Our biggest gripe is that the RTD750 can't stream songs from networked computers. Moreover, the only way to transfer tracks from your PC to the RCA is to burn them to CD, then rip them to the hard drive. The process is time-consuming, especially with large music collections, and it significantly detracts from the RTD750's appeal.
As we'd expected, the unit's maximum CD-ripping speed, rated at 5X, couldn't compare to that of computer drives. For instance, the machine took approximately 18 minutes to rip Scott Fisher's 57-minute Fleeing toward Creation to the hard disk. But the resulting tracks played back smoothly.
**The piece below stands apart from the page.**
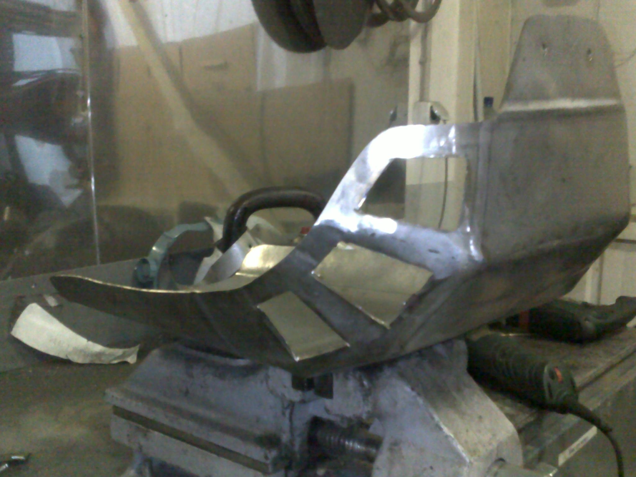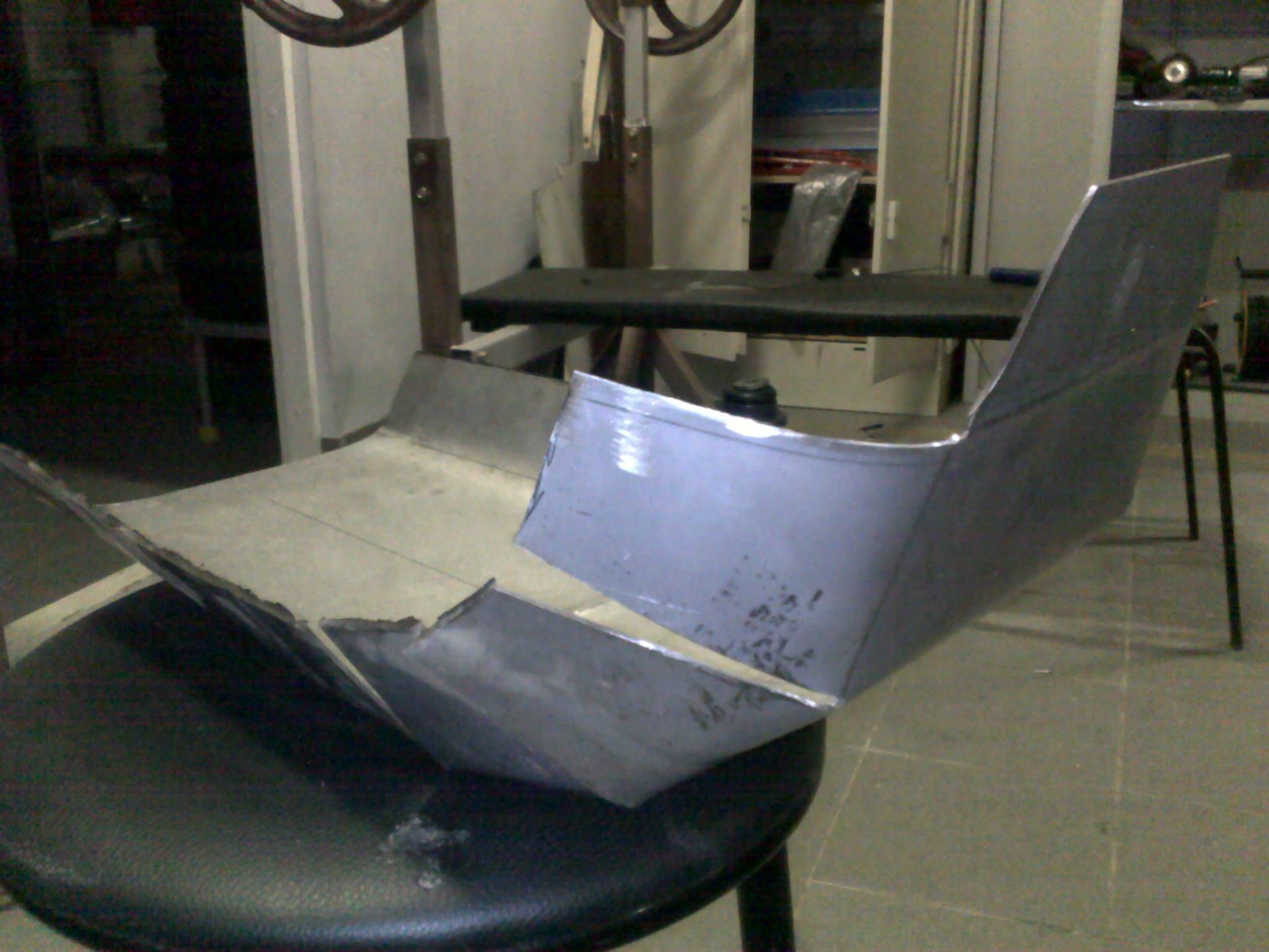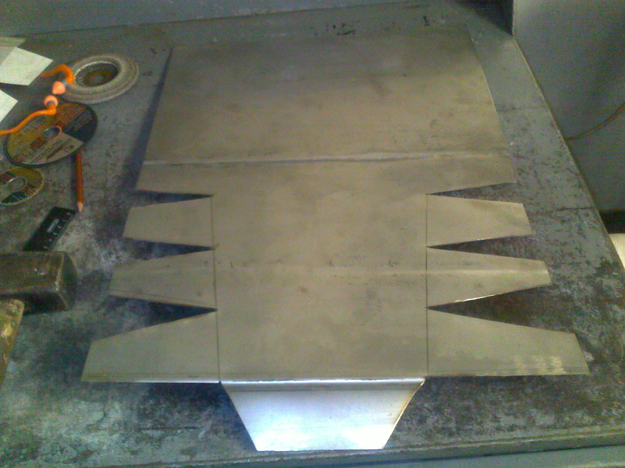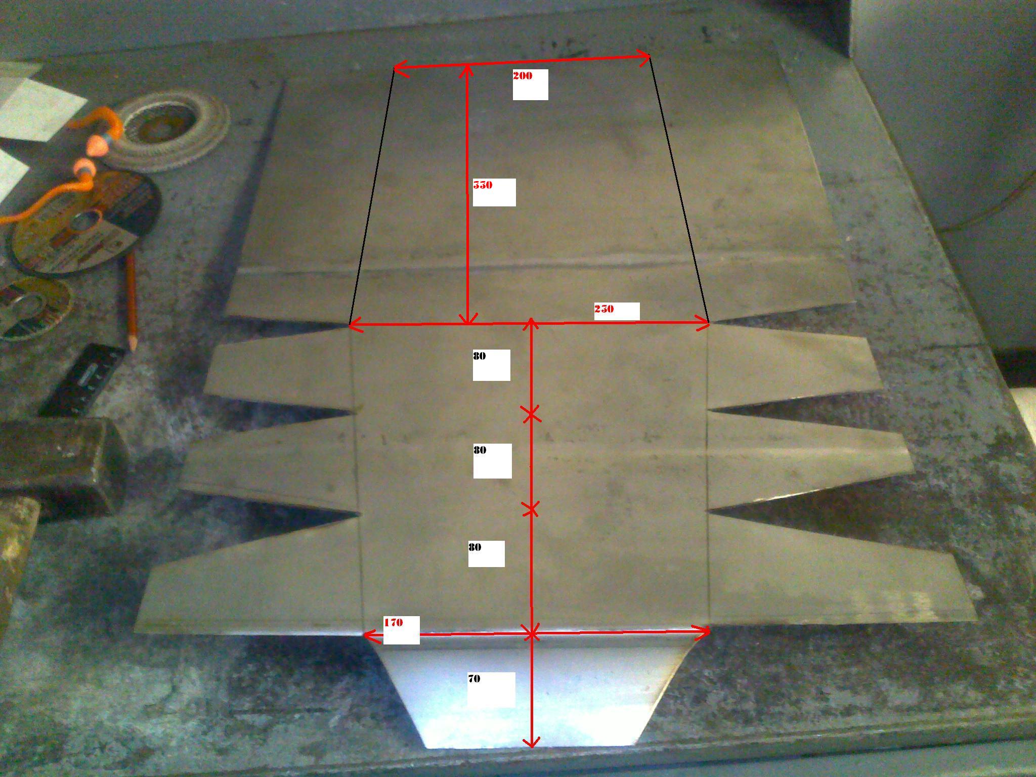 В следующей, доработанной версии, скруглю. Здесь металл-трёшка. Я его просто гнуть, задолбался, не то что скруглить ровно. Буду делать из полторашки, и делать три изгиба, и верх заводить не на наружную сторону дуги, а на внутреннюю. И борта чуть поменьше, для изящества))

The RTD750 also easily captured the contents of an MP3 data CD.
Unfortunately, the system's low power and tiny speakers made for an uninspiring sonic experience. When we played the Requiem for a Dream DVD, the soundstage lacked the convincing three-dimensional quality required to fully envelop an audience. The center speaker delivered adequate dialogue, but it wasn't as crisp as we've heard it on other kits.
When we fired up Outkast's precisely mixed and mastered CD, The Love Below, the anemic passive subwoofer made the punchy kick drum in "Happy Valentine's Day" sound too round, and the low electronic-bass frequencies in "Love Hater" struck us as especially weak. The RTD750 fared better on more-organic, less bass-intensive music, such as the Scott Fisher album, because that didn't strain the satellites and the sub.